_Information shown:_

# # # #

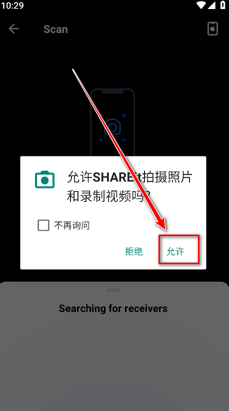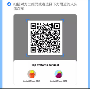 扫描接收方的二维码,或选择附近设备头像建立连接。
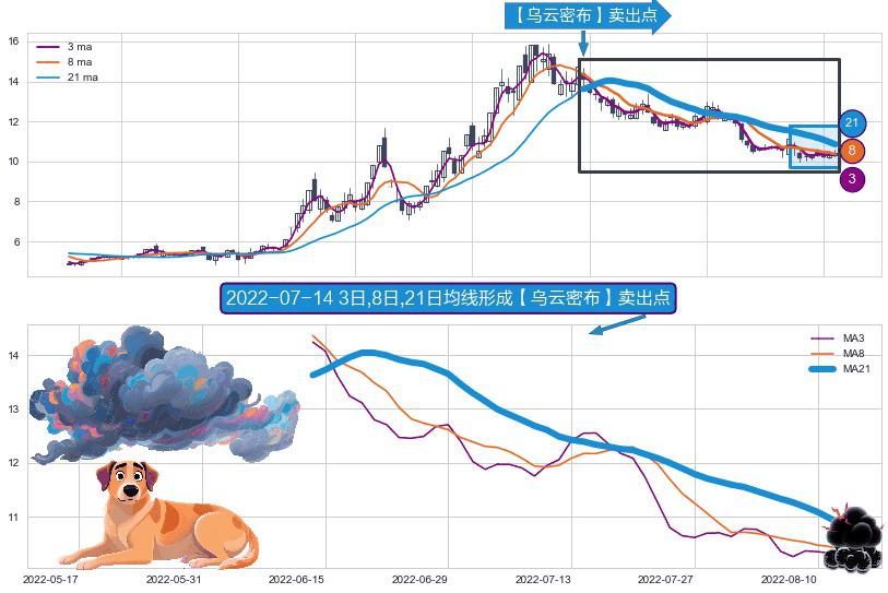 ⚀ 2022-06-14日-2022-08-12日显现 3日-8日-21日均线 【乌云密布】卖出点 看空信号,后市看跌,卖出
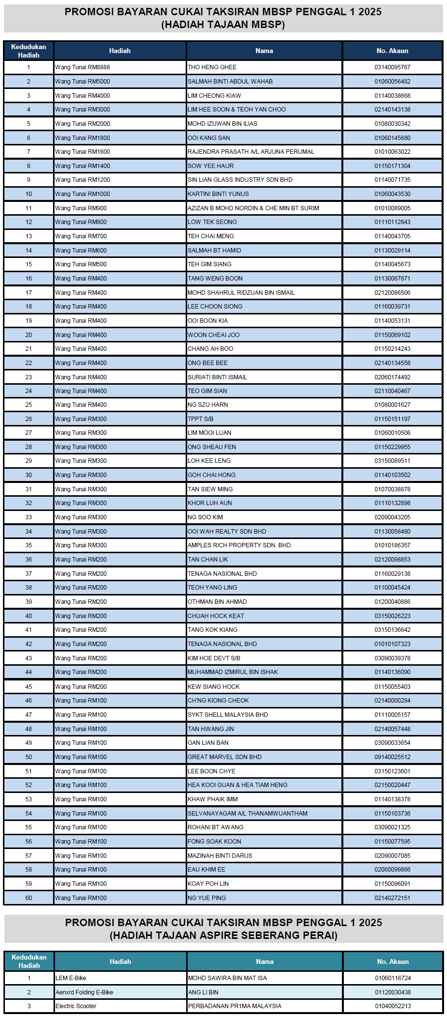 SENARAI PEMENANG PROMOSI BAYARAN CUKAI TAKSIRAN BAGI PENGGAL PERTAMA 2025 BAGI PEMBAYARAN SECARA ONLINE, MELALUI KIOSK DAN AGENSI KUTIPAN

# # # #

_Task brief:_ Only the words belong in your copy: restate the data above exactly and leave the images out.

_Exercise result:_
 扫描接收方的二维码,或选择附近设备头像建立连接。
 ⚀ 2022-06-14日-2022-08-12日显现 3日-8日-21日均线 【乌云密布】卖出点 看空信号,后市看跌,卖出
 SENARAI PEMENANG PROMOSI BAYARAN CUKAI TAKSIRAN BAGI PENGGAL PERTAMA 2025 BAGI PEMBAYARAN SECARA ONLINE, MELALUI KIOSK DAN AGENSI KUTIPAN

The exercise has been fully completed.